Alice just shook her head no, nothing.
It didn’t do much to settle my stomach.
* * *
The screaming woke me.
I was on the couch again. The glass of wine I’d had balanced on my stomach spilled onto Aunt Cyn’s beige couch, the one with that kind of suedey fabric you could fingerwrite your name in.
The scream had come from the master bedroom, I was pretty sure.
I rose, lurched across the living room, and stopped in the doorway to the hall, suddenly aware I was at one end of what could be construed as a dark tunnel. At the other end, there could be the dark shape of a woman with matted hair. Just standing there, fixing me in her stare.
I kept one hand to the wall all the way down to the open door of the master bedroom.
It was Tabby who had screamed. I knew because I could hear her jerky breathing, like she was building to it again.

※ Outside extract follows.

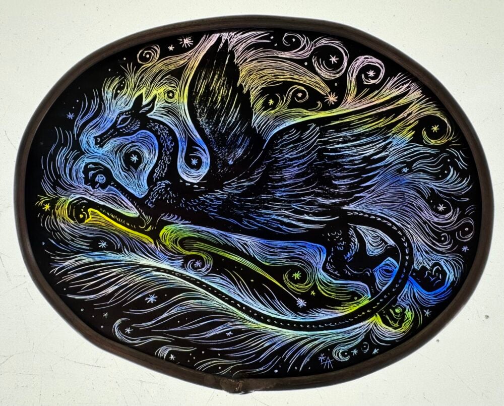 In 1999 I began an evening class in stained glass at Hereford College of Art and Design. I soon gained an OCN in the craft but continued the course for a total of four years until our second child started school. At this point I decided to take things more seriously and invested some money in a kiln and built a studio in which to work.”

I stepped in as carefully as I’ve ever done anything. The bedroom was dark, the bed empty, the air musty. Skirting the bed, since arms could stab out for ankles, since eyes could be watching from under there, I made it to the bathroom.
Tabby was pushed up onto the sink, her back to the mirror in a way that made me want to pull her back, keep her from falling through.
What she wasn’t looking away from was Alice, in sleep pants and a sports bra, bare feet. She was standing in the bathtub, facing into the corner, a kind of hoarse moan coming from her slack mouth. Her scars were a filigree of pale ridges, coming around almost to her spine—as far as her pinching fingertips could reach a razor. Meaning her front side would be worse. Her front side would be deeper, more intricate, a map to her true self.
No, she hadn’t wanted to look in the mirror.